This may be true I dunno, In my local I always ask the apprentices who is your rabbi and most do not have any family or relatives in the local at all. This wasn't the case a couple decades ago - but the nonunion and republican factions in government and industry sued and made the departments of labor oversee union apprenticeships and monitor the selection process decades ago. 



SWDweller said:


> Your not real clear on who is wanting a C grade. What was the driving reason for doing so poorly? If you did not apply your self then take classes, if it did not make any sense then get a tutor. I had to have one for algerbra to pass the high school class. Not really sure why it was necessary I never use it any more.


When you offer an apprenticeship and you want the brightest people you can get, you have to start somewhere to eliminate most of the chitheads and hope to end up with the cream of the crop. That is not to say an illiterate, math-deficient, high school dropout can't learn to become one of the best electricians you have ever met... but if you have 2 people like that and 30 that are literate, passed algebra and graduated high school and have to hire only 2 of them... how would you start your process of elimination?


> I never saw the need for all the higher math. What I did for decades it was much more important to be able to bend pipe correctly than anything else. Learning the ins and outs of a tape measure was far more important.
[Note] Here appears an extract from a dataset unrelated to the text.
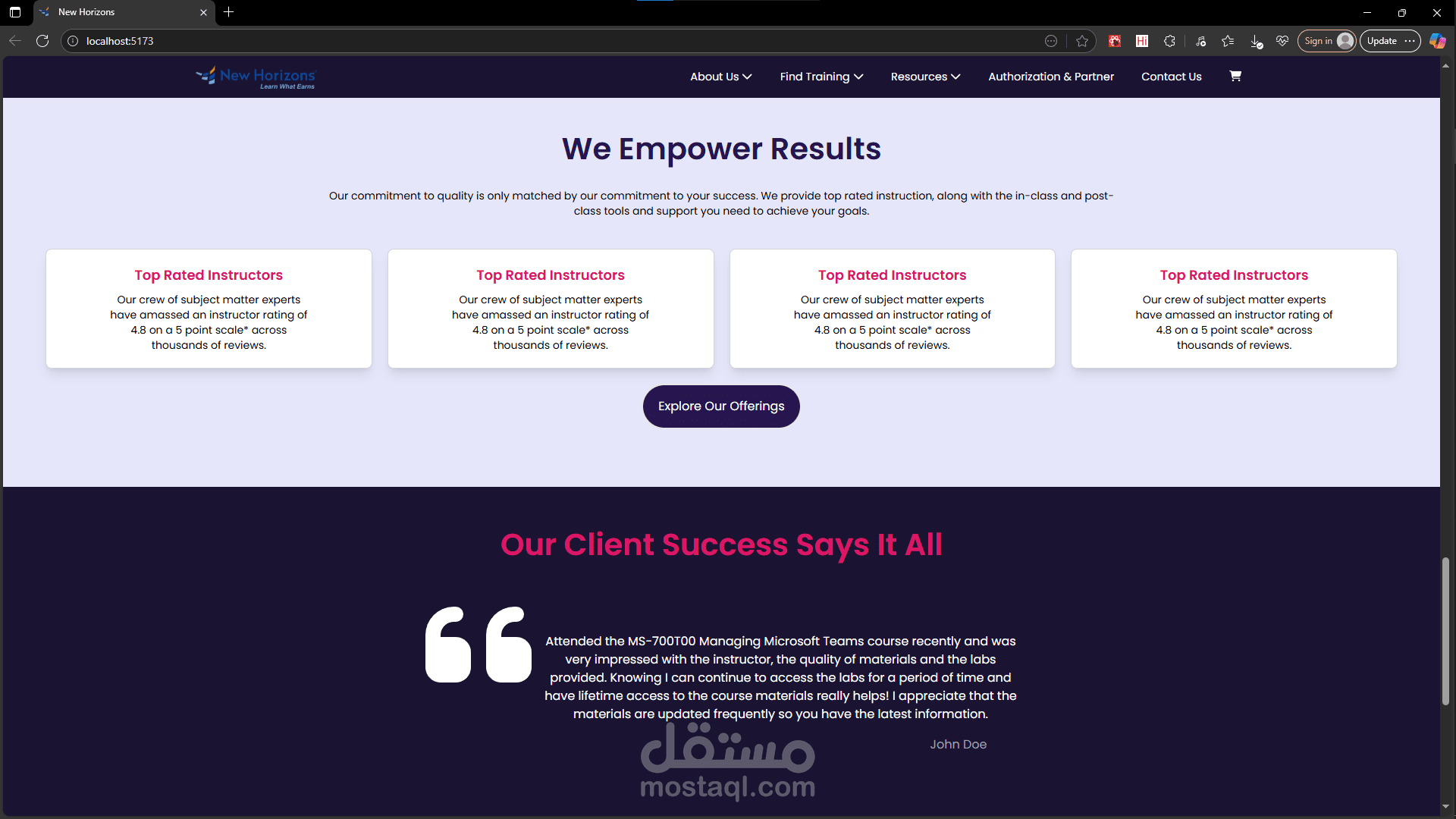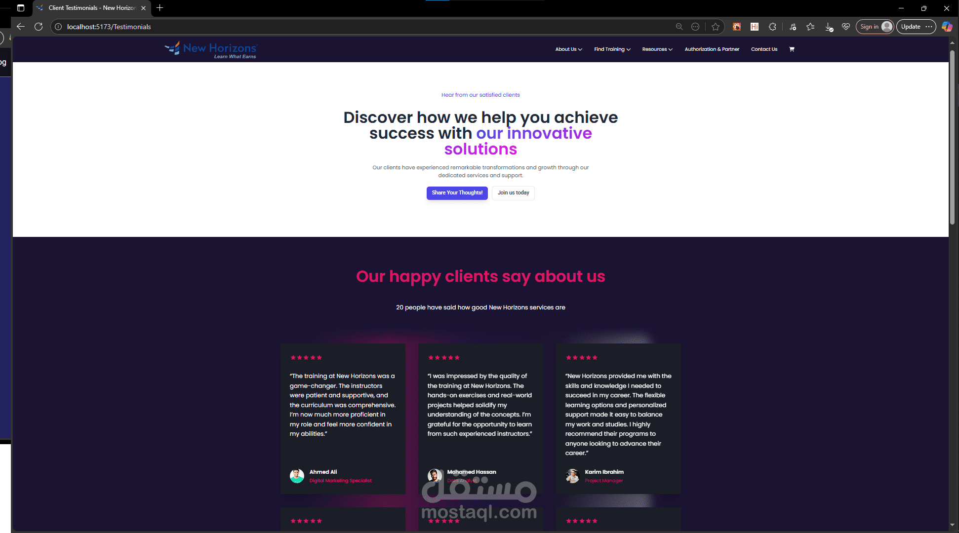 تصميم وتطوير نظام متكامل لإدارة الدورات التدريبية مع واجهة أمامية متجاوبة وخلفية قوية.

It is not like the average worker is doing fault, or arc flash studies. They are adding subtracting and a bit of division for the daily work.
> 
> I was no wiz at algerbra did well with geometry. Learn the 3-4-5 triangle so you can do lay out and the bosses will be happy.
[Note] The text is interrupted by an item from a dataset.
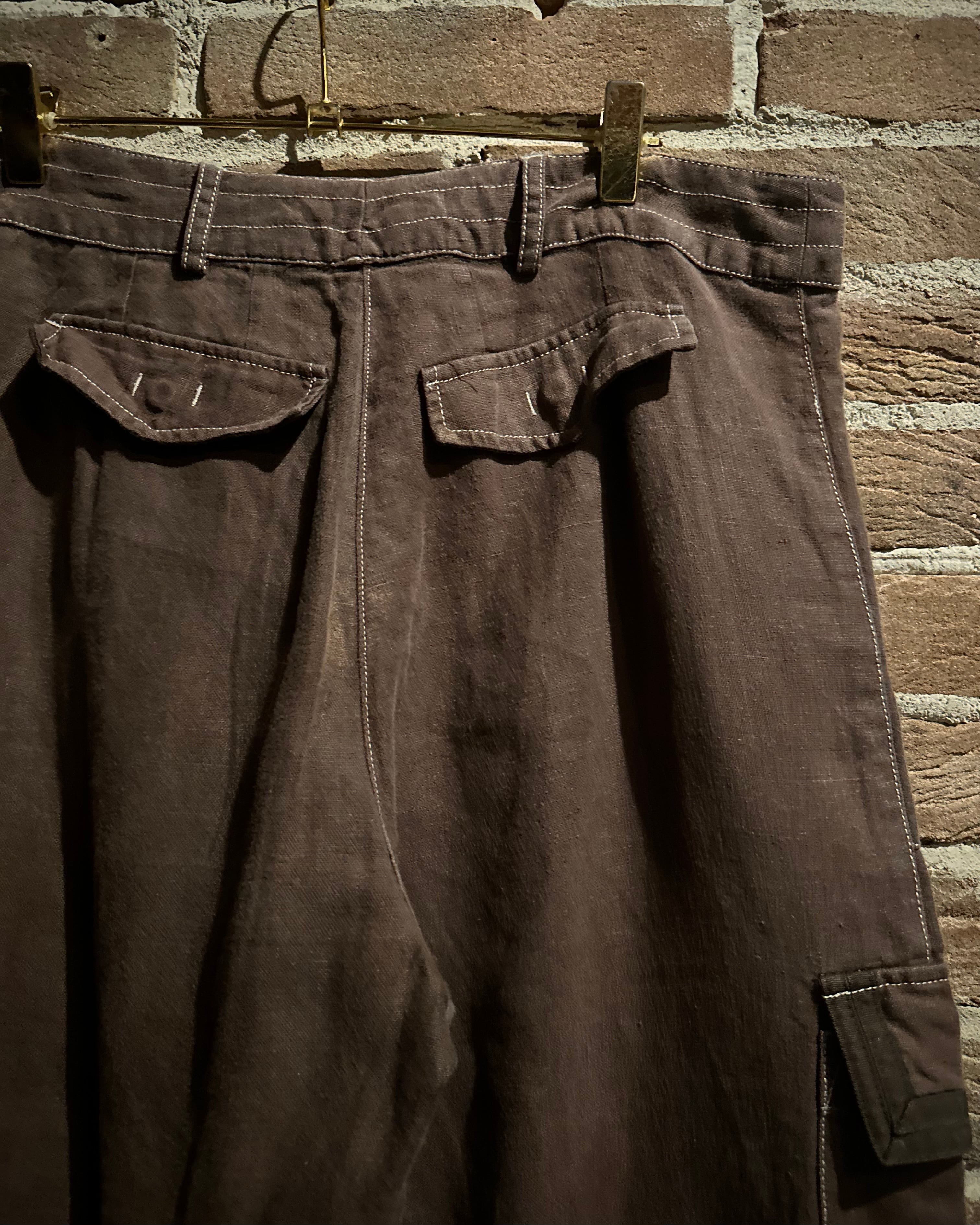 着れば着るほど味が出て育つ素材、リネンを用いたカーゴパンツ。生地感、素晴らしいパターンニングが相まって美しい落ち感を演出してくれます。

Knowing and understanding geometry and algebra indicate a capable level of thinking. It's not that you need to perform quadratic equations on the jobsite... but the fact that you can means you can figure other complex problems out as well, and often electrical work requires a degree of problem solving skills. 



oldsparky52 said:


> IMO the higher math classes (like Algebra and Geometry) teach one to think and reason. I bet you use what your learned from those classes without realizing it.
> 
> I did well in both in high school (trig also). I thought I was hot stuff. Then, 1st year of college, took Calculus and hit a brick wall. F of what? Huh?


Shame on that college, that's a stupid place to build a brick wall right in the calculus classroom.



u2slow said:


> Figure out what math class format works for you. I got crap grade in regular highschool, but a compressed summer-school course (4hrs daily, 5weeks) I was able to pull off an A.


Sometimes a class is taught by a crappy teacher that doesn't "speak to you." Or the class came right after a class you had issues with, or before a class that gave you anxiety. And sometimes it's just those Barnett twins in the next row with the huge... tracks of land that caused you to flunk.



oldsparky52 said:


> Well, someone's got to be broke, unions won't take everyone, and like was stated, a lot of times it's who you blow, not how good an electrician you are or could be.


May come as a shock but unions are and have been nothing but competitive for the better part of 3 decades now. The biggest problem with people getting in is coming from tiny locals in the sticks who seem to take anyone who will pay their dues and pass the classes, and then unleash them as perpetual travelers into any local that has work for them, to satisfy the international's mandates to grow the membership rolls - as opposed to the "elite" locals making sure their lazy undeserving spawn have a lifetime gig.

And if we're being honest, if you want to see rampant nepotism and entitlement mentality - just look at who runs work in any nonunion shop.[/quote][/quote]


----------



## u2slow (Jan 2, 2014)

LawnGuyLandSparky said:


> A final grade of C or better in Algegra 1 is required to apply in most locals.
> 
> The biggest problem with people getting in is coming from tiny locals in the sticks who seem to take anyone who will pay their dues and pass the classes, and then unleash them as perpetual travelers into any local that has work for them, to satisfy the international's mandates to grow the membership rolls - as opposed to the "elite" locals making sure their lazy undeserving spawn have a lifetime gig.


My local went by their own math pre-test. No BS'ing your way in. It was also the largest local in BC and probably easiest for the 'unconnected' individual to join. 

These types of threads really open my eyes as to how different union experiences can be.


----------



## LGLS (Nov 10, 2007)

"Peoples is peoples, eh?"


----------